Example of importing public key for user admin

Generate SSH keys on the client device (the device you will connect from). Upload the public SSH key to the router and import it.

/user ssh-keys import public-key-file=id_rsa.pub user=admin

SSH Client

Sub-menu: /system ssh

Simple log-in to remote host

It is able to connect to remote host and initiate ssh session. IP address supports both IPv4 and IPv6.

/system ssh 192.168.88.1
/system ssh 2001:db8:add:1337::beef

In this case user name provided to remote host is one that has logged into the router. If other value is required, then user=<username> has to be used.

/system ssh 192.168.88.1 user=lala
/system ssh 2001:db8:add:1337::beef user=lala

Log-in from certain IP address of the router

For testing or security reasons it may be required to log-in to other host using certain source address of the connection. In this case src-address=<ip address> argument has to be used. Note that IP address in this case supports both, IPv4 and IPv6.

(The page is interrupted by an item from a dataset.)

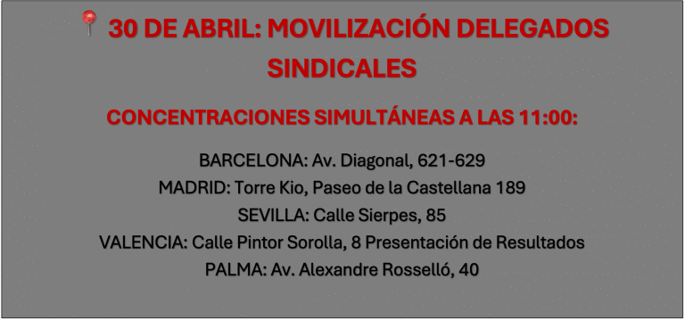 Por todo ello, hemos convocado una movilización de delegadas y delegados el próximo 30 de abril, coincidiendo con la presentación de resultados de CaixaBank, en distintas ciudades del territorio.

/system ssh 192.168.88.1 src-address=192.168.89.2
/system ssh 2001:db8:add:1337::beef src-address=2001:db8:bad:1000::2

in this case, ssh client will try to bind to address specified and then initiate ssh connection to remote host.

Log-in using RSA public/private key

Example of importing private key for user admin

First of all, export currently generated SSH keys to a file:

/ip ssh export-host-key key-file-prefix=admin

Two files admin_rsa and admin_rsa.pub will be generated. The pub file needs to be trusted on the SSH server side (how to enable SSH PKI on RouterOS) The private key has to be added for the particular user.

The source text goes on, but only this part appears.